WORK INSTRUCTIONS: Print nothing except the line holding "图2:丹布罗西奥本场比赛的热图与触球数据" and the lines that come after it in the material below, and leave the pictures out.

INPUT DATA:
*** Begin section ***

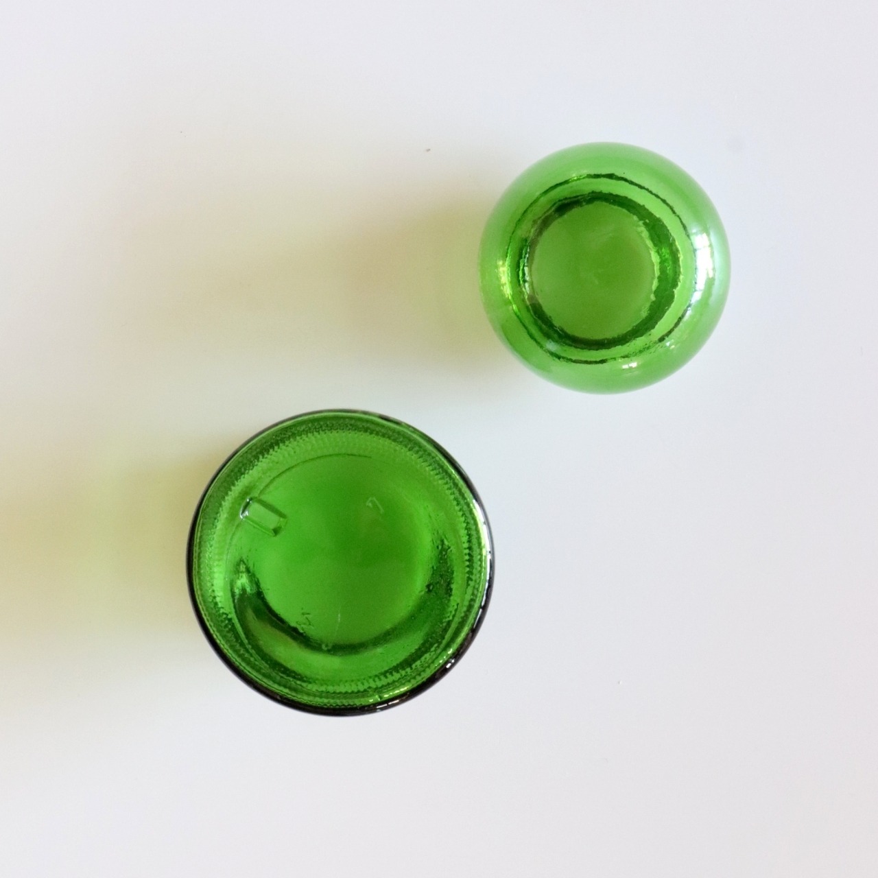 薬瓶は光を透過させないように瓶本体に色(茶色/青色/緑色)を付けられたものが多く、こちらもそうしたイメージで製作されたもののうちの1点です。
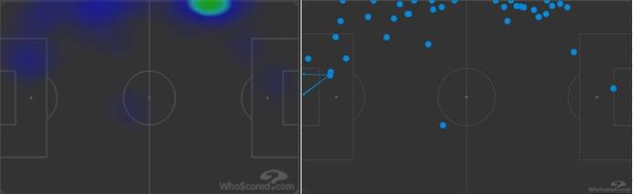 图2:丹布罗西奥本场比赛的热图与触球数据
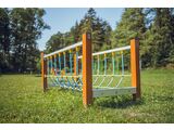Rope bridge LL102K - metal (f.h. 1 m) - there is no need for a fall zone up to the height of 1 m, a grass surface is enough. We offer three color variants of the support structure - red, blue and brown. More information

*** End section ***

ANSWER SECTION:
 图2:丹布罗西奥本场比赛的热图与触球数据
Rope bridge LL102K - metal (f.h. 1 m) - there is no need for a fall zone up to the height of 1 m, a grass surface is enough. We offer three color variants of the support structure - red, blue and brown. More information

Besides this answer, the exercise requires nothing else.